In [None]:
from pathlib import Path
import pandas as pd

# ================== PATHS ==================
DATA_RAW = Path("../data_raw")
INJURY_DIR = DATA_RAW / "injury_reports_raw"
INJURY_CSV = INJURY_DIR / "latest_injury.csv"
OUT_CSV = INJURY_DIR / "latest_injury_team_status.csv"

# ================== LOAD ==================
if not INJURY_CSV.exists():
    raise FileNotFoundError(
        f"❌ latest_injury.csv bulunamadı: {INJURY_CSV.resolve()}\n"
        "Önce download_injury_report.py çalıştırılmalı."
    )

df = pd.read_csv(INJURY_CSV)
# kolon isimlerini temizle
df.columns = df.columns.str.strip()

print(f"✅ Injury CSV yüklendi: {INJURY_CSV}")
print("Rows:", len(df))

✅ Injury CSV yüklendi: ..\data_raw\injury_reports_raw\latest_injury.csv
Rows: 70


In [9]:
# ================== CLEAN ==================
# kolon adlarını normalize et
col_map = {c.lower().strip(): c for c in df.columns}
if "player_name" not in col_map:
    raise ValueError(f"player_name kolonu yok: {df.columns}")

# Sadece oyuncu satırları
df = df[df[col_map["player_name"]].notna()].copy()

# Status normalize
status_col = col_map.get("status", "status")
df[status_col] = df[status_col].str.upper().str.strip()

VALID_STATUSES = {"OUT", "QUESTIONABLE", "DOUBTFUL"}
df = df[df[status_col].isin(VALID_STATUSES)]
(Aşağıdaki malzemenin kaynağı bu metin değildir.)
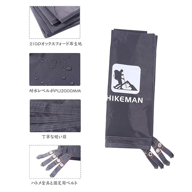 【製品仕様】テントシートは210D引き裂く防止のオックスフォードを採用し、高耐水加工が施されており、耐水圧は2000MMに達します。5サイズを選べます。
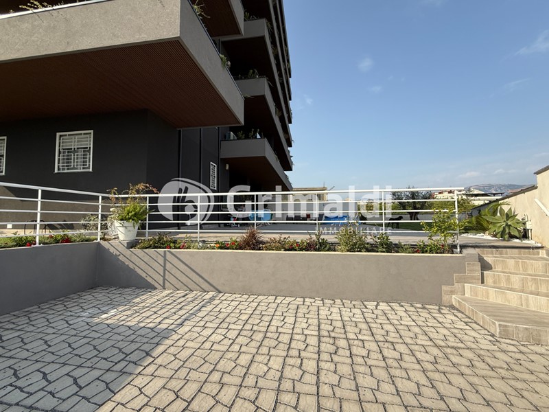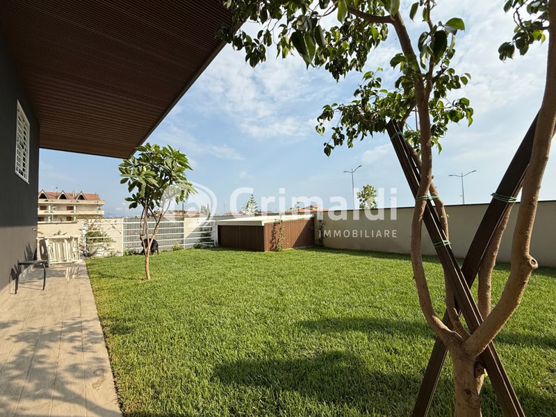 Si apre su un ampio soggiorno con cucina in stile open space, tre camere da letto (una matrimoniale e due singole), due bagni, ripostiglio/lavanderia, due terrazzi e giardino privato di 320 mq.
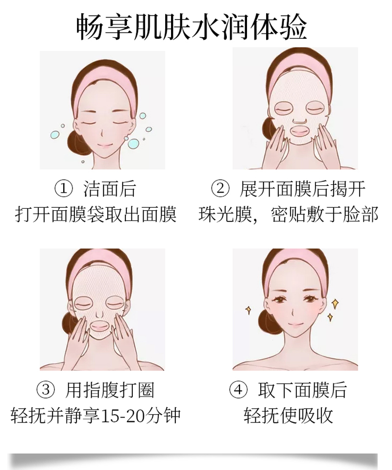 使用方法:洁肤后,将面膜完整摊开,敷于全脸,轻按至面膜与肌肤完全贴合,15-20分钟后取下面膜,轻轻按摩,使精华液充分被肌肤吸收。建议每周两至四次。
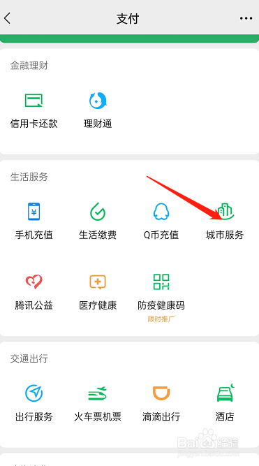 打开手机微信,进入【我的】界面,点击手机【钱包】选择【城市服务】选项。
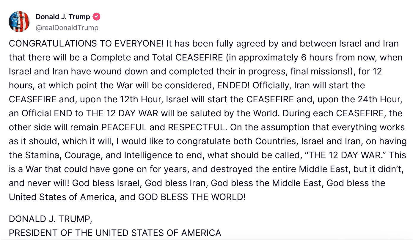 Edit: En volgens Trump kwamen zowel Israel als Iran naar hem voor dit staakt-het-vuren en komt het initiatief dus niet van Iran ;-)
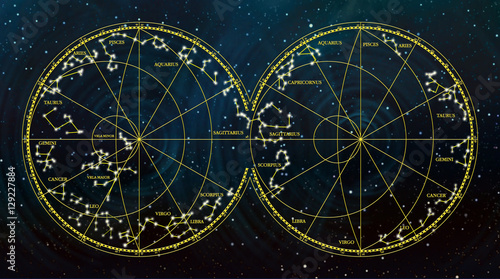sky map depicting constellations and zodiac signs.
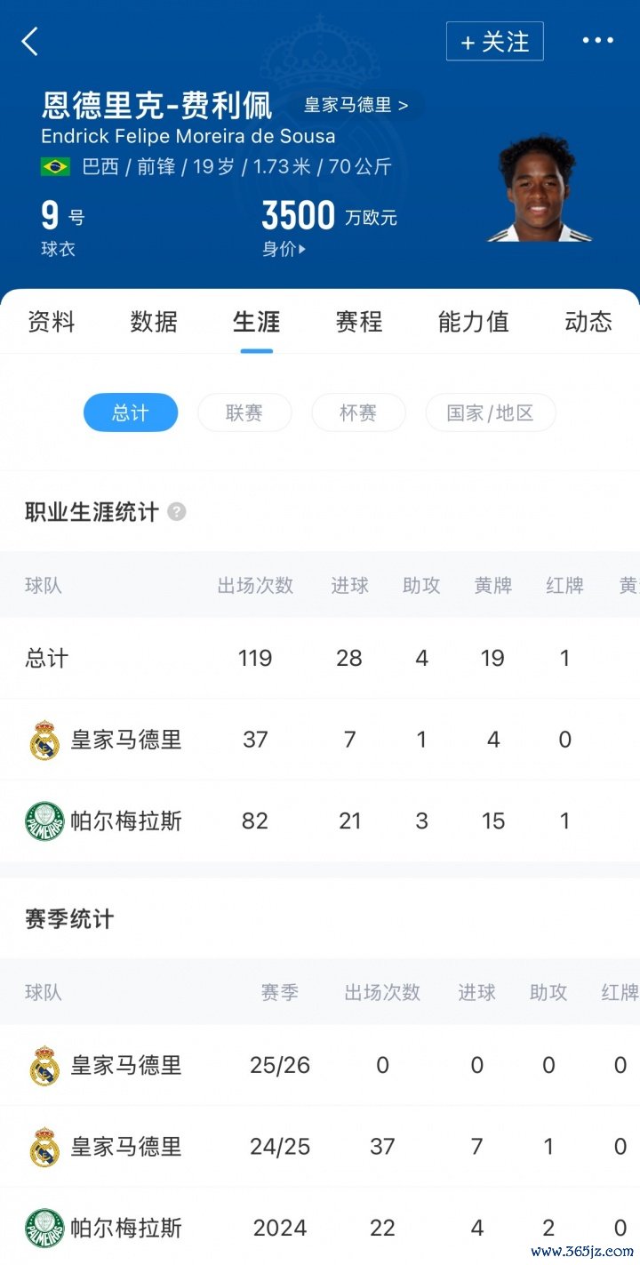 即使是对阵莱万特和凯拉特的赛事 ,恩德里克仍坐在后备 席,即便球队有巨大领跑 优势,他甚至都没有获得赛前热身 机会。恩德里克理想 着跟随巴西参加2026世界杯赛 ,但缺乏出场时间可能会让他与国家队大名单渐行渐远。最近一期巴西队名单,恩德里克则再次落选。

# ================== ONE-HOT → BINARY ==================
df["inj_out"] = (df[status_col] == "OUT").astype(int)
df["inj_questionable"] = (df[status_col] == "QUESTIONABLE").astype(int)
df["inj_doubtful"] = (df[status_col] == "DOUBTFUL").astype(int)

# player_name ve team sütunlarını sabitle
player_col = col_map["player_name"]
team_col = col_map.get("team", "team")

In [10]:
# ================== DEDUP ==================
# Aynı oyuncu + maç için tek satır
df = (
    df.sort_values(
        [player_col, "game_date", "game_time_et", status_col],
        na_position="last"
    )
    .drop_duplicates(
        subset=[player_col, "game_date", "matchup"],
        keep="first"
    )
)

# player/team kolonlarını yeniden adlandır
if player_col != "player_name":
    df = df.rename(columns={player_col: "player_name"})
if team_col != "team":
    df = df.rename(columns={team_col: "team"})

In [12]:
# ================== SELECT ==================
KEEP_COLS = [
    "report_datetime",
    "game_date",
    "game_time_et",
    "matchup",
    "team",
    "player_name",
    "inj_out",
    "inj_questionable",
    "inj_doubtful",
]

# Eksik kolonları varsa doldur
for col in KEEP_COLS:
    if col not in df.columns:
        df[col] = None

df_out = df[KEEP_COLS]

In [13]:
# ================== SAVE ==================
df_out.to_csv(OUT_CSV, index=False)

print(f"✅ Oyuncu bazlı injury CSV kaydedildi:\n{OUT_CSV.resolve()}")
print("Rows:", len(df_out))

✅ Oyuncu bazlı injury CSV kaydedildi:
C:\Users\ersan\OneDrive\Masaüstü\ders\ceng481\NBA-Game-Prediction-using-Artificial-Neural-Networks\data_raw\injury_reports_raw\latest_injury_team_status.csv
Rows: 93